● Task:
Your answer should be the lines below from the one holding "LG유플러스와 쿠쿠전자는 오는" through the one holding "bị phân tâm.", copied exactly and with nothing else.

===== Provided records

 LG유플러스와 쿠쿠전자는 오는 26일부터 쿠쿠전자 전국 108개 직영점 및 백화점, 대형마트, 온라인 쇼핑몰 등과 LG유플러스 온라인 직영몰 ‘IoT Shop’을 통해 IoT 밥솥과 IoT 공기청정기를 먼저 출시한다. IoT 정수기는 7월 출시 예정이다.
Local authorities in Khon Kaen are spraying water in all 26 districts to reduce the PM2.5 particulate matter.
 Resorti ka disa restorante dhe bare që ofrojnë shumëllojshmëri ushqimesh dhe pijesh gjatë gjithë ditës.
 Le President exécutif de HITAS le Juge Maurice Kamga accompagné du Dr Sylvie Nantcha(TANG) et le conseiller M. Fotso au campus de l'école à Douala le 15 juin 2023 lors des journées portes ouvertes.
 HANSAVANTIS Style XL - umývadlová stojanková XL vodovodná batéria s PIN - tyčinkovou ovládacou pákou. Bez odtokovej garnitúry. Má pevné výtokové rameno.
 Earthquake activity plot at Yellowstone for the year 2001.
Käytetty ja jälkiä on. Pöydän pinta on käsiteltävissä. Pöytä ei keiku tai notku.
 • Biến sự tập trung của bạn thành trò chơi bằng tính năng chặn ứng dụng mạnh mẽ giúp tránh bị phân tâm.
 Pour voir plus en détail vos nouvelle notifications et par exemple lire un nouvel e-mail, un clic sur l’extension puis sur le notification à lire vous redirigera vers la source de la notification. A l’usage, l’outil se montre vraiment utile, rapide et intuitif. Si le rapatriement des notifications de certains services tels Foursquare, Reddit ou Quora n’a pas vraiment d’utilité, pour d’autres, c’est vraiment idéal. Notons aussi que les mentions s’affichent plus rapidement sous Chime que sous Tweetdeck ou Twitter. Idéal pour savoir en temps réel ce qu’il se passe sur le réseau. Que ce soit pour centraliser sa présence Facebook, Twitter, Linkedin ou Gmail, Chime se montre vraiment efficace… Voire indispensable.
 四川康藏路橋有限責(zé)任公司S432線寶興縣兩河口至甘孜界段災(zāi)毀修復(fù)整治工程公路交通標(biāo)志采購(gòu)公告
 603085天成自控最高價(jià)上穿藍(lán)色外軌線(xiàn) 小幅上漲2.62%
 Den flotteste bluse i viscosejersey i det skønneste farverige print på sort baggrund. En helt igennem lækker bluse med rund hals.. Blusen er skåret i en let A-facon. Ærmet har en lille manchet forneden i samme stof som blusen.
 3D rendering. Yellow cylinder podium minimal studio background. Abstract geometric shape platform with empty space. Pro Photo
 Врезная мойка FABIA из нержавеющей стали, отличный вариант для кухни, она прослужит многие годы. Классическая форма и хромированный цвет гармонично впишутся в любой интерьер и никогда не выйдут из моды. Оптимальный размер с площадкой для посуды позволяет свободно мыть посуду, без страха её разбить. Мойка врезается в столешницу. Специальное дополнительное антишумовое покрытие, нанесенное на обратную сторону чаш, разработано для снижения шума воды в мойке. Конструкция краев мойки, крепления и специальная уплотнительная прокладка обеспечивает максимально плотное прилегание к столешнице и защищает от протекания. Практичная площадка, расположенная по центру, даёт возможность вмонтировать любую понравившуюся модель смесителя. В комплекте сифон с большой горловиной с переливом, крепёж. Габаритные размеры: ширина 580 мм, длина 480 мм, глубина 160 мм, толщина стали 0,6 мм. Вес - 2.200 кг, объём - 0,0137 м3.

==========
===== Provided records

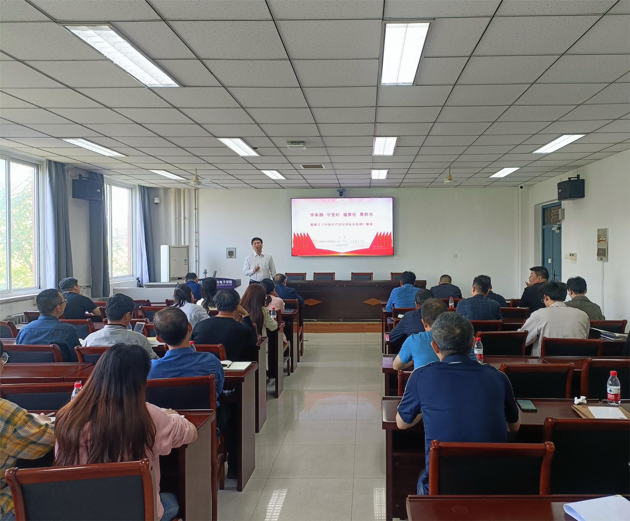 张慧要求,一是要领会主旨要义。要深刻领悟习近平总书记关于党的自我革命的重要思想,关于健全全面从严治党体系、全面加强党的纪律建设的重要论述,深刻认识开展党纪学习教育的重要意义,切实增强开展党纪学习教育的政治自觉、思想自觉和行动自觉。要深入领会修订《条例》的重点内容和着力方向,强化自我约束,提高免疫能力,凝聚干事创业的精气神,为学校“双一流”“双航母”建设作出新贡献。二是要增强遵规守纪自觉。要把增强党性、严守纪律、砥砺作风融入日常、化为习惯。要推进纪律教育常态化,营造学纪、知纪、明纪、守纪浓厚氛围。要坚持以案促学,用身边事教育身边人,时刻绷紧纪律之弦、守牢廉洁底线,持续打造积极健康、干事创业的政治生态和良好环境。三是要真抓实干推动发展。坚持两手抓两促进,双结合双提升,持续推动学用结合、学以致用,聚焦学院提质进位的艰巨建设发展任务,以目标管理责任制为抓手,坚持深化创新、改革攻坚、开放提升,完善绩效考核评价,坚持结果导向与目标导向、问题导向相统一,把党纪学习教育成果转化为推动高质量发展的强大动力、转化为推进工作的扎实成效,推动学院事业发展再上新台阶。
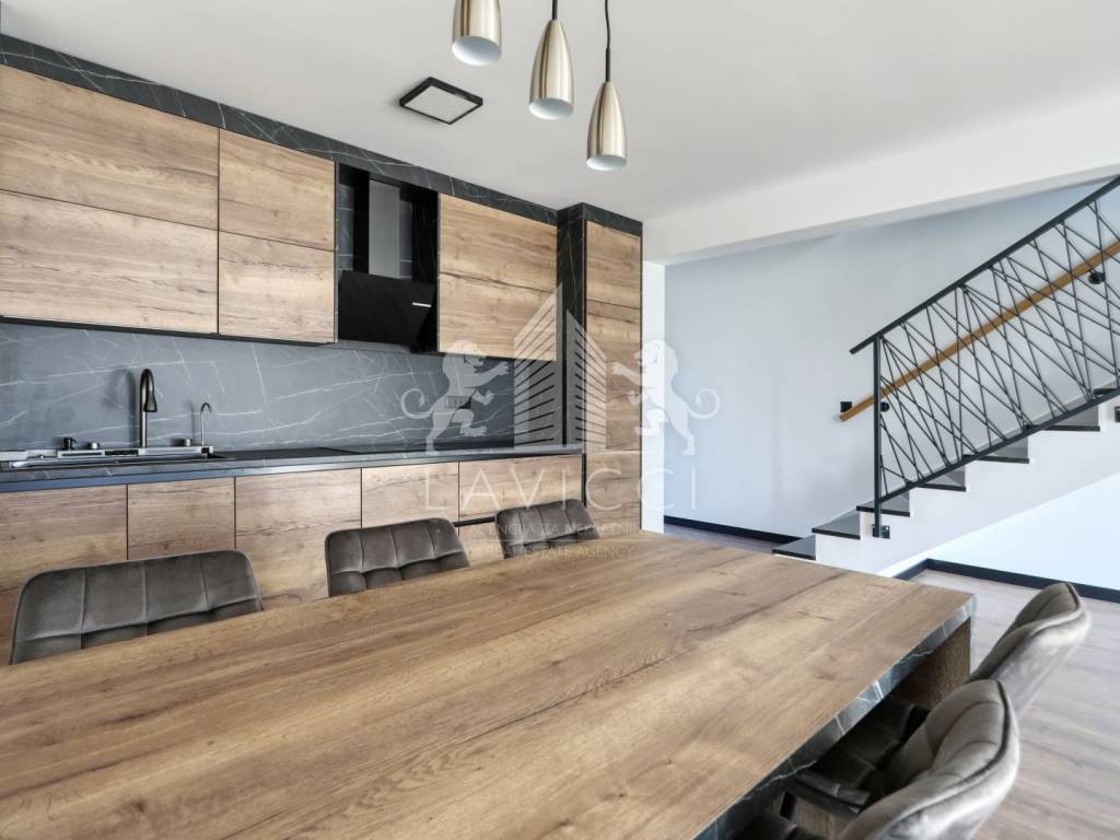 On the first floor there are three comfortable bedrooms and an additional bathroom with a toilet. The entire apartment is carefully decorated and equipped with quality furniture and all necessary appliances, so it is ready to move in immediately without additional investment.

==========

● Solution below:
 LG유플러스와 쿠쿠전자는 오는 26일부터 쿠쿠전자 전국 108개 직영점 및 백화점, 대형마트, 온라인 쇼핑몰 등과 LG유플러스 온라인 직영몰 ‘IoT Shop’을 통해 IoT 밥솥과 IoT 공기청정기를 먼저 출시한다. IoT 정수기는 7월 출시 예정이다.
Local authorities in Khon Kaen are spraying water in all 26 districts to reduce the PM2.5 particulate matter.
 Resorti ka disa restorante dhe bare që ofrojnë shumëllojshmëri ushqimesh dhe pijesh gjatë gjithë ditës.
 Le President exécutif de HITAS le Juge Maurice Kamga accompagné du Dr Sylvie Nantcha(TANG) et le conseiller M. Fotso au campus de l'école à Douala le 15 juin 2023 lors des journées portes ouvertes.
 HANSAVANTIS Style XL - umývadlová stojanková XL vodovodná batéria s PIN - tyčinkovou ovládacou pákou. Bez odtokovej garnitúry. Má pevné výtokové rameno.
 Earthquake activity plot at Yellowstone for the year 2001.
Käytetty ja jälkiä on. Pöydän pinta on käsiteltävissä. Pöytä ei keiku tai notku.
 • Biến sự tập trung của bạn thành trò chơi bằng tính năng chặn ứng dụng mạnh mẽ giúp tránh bị phân tâm.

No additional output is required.